Gleason E L, Spitzer N C
Department of Biology and Center for Molecular Genetics, University of California, San Diego, La Jolla,California 92093, USA.
J Neurophysiol. 1998 Jun;79(6):2986-98. doi: 10.1152/jn.1998.79.6.2986.
N-methyl--aspartate (NMDA) receptors are often the first ionotropic glutamate receptors expressed at early stages of development and appear to influence neuronal differentiation by mediating Ca2+ influx. Although less well studied, alpha-amino-3-hydroxy-5-methyl-4-isoxazolepropionic acid (AMPA) receptors also can generate Ca2+ elevations and may have developmental roles. We document the presence of AMPA and NMDA class receptors and the absence of kainate class receptors with whole cell voltage-clamp recordings from Xenopus embryonic spinal neurons differentiated in vitro. Reversal potential measurements indicate that AMPA receptors are permeable to Ca2+ both in differentiated neurons and at the time they first are expressed. The PCa/Pmonocation of 1.9 is close to that of cloned Ca2+-permeable AMPA receptors expressed in heterologous systems. Ca2+ imaging reveals that Ca2+ elevations are elicited by AMPA or NMDA in the absence of Mg2+. The amplitudes and durations of these agonist-induced Ca2+ elevations are similar to those of spontaneous Ca2+ transients known to act as differentiation signals in these cells. Two sources of Ca2+ amplify AMPA- and NMDA-induced Ca2+ elevations. Activation of voltage-gated Ca2+ channels by AMPA- or NMDA-mediated depolarization contributes approximately 15 or 30% of cytosolic Ca2+ elevations, respectively. Activation of either class of receptor produces elevations of Ca2+ that elicit further release of Ca2+ from thapsigargin-sensitive but ryanodine-insensitive stores, contributing an additional approximately 30% of Ca2+ elevations. Voltage-clamp recordings and Ca2+ imaging both show that these spinal neurons express functional AMPA receptors soon after neurite initiation and before expression of NMDA receptors. The Ca2+ permeability of AMPA receptors, their ability to generate significant elevations of [Ca2+]i, and their appearance before synapse formation position them to play roles in neural development. Spontaneous release of agonists from growth cones is detected with glutamate receptors in outside-out patches, suggesting that spinal neurons are early, nonsynaptic sources of glutamate that can influence neuronal differentiation in vivo.

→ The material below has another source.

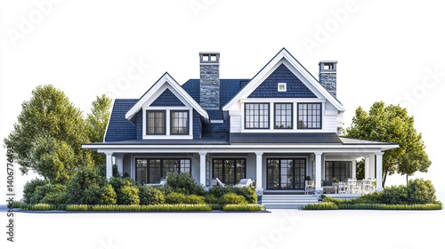 house, american, blue, siding, greenery, porch, window, tree, roof, architecture, residential, home, exterior, design, classic, traditional, front, garden, landscape, outdoors, facades, elegant, inviting, cosy, family, dwelling, structure, real estate, property, suburban

N-甲基-D-天冬氨酸(NMDA)受体通常是在发育早期阶段表达的首批离子型谷氨酸受体,并且似乎通过介导Ca2+内流来影响神经元分化。虽然研究较少,但α-氨基-3-羟基-5-甲基-4-异恶唑丙酸(AMPA)受体也能引起Ca2+浓度升高,并且可能在发育过程中发挥作用。我们通过对体外分化的非洲爪蟾胚胎脊髓神经元进行全细胞电压钳记录,证明了AMPA和NMDA类受体的存在以及海人藻酸类受体的缺失。反转电位测量表明,AMPA受体在分化的神经元中以及首次表达时对Ca2+都是通透的。1.9的Ca2+通透率与异源系统中表达的克隆的Ca2+通透型AMPA受体相近。Ca2+成像显示,在不存在Mg2+的情况下,AMPA或NMDA能引起Ca2+浓度升高。这些激动剂诱导的Ca2+浓度升高的幅度和持续时间与已知在这些细胞中作为分化信号的自发Ca2+瞬变相似。有两种Ca2+来源会放大AMPA和NMDA诱导的Ca2+浓度升高。AMPA或NMDA介导的去极化激活电压门控Ca2+通道分别约占胞质Ca2+浓度升高的15%或30%。两类受体中的任何一类被激活都会使Ca2+浓度升高,从而引起从毒胡萝卜素敏感但对兰尼碱不敏感的储存库中进一步释放Ca2+,这又额外贡献了约30%的Ca2+浓度升高。电压钳记录和Ca2+成像均显示,这些脊髓神经元在神经突起始后不久且在NMDA受体表达之前就表达功能性AMPA受体。AMPA受体的Ca2+通透性、它们产生显著的[Ca2+]i升高的能力以及它们在突触形成之前的出现表明它们在神经发育中发挥作用。通过外向膜片上的谷氨酸受体检测到生长锥自发释放激动剂,这表明脊髓神经元是谷氨酸的早期非突触来源,能够在体内影响神经元分化。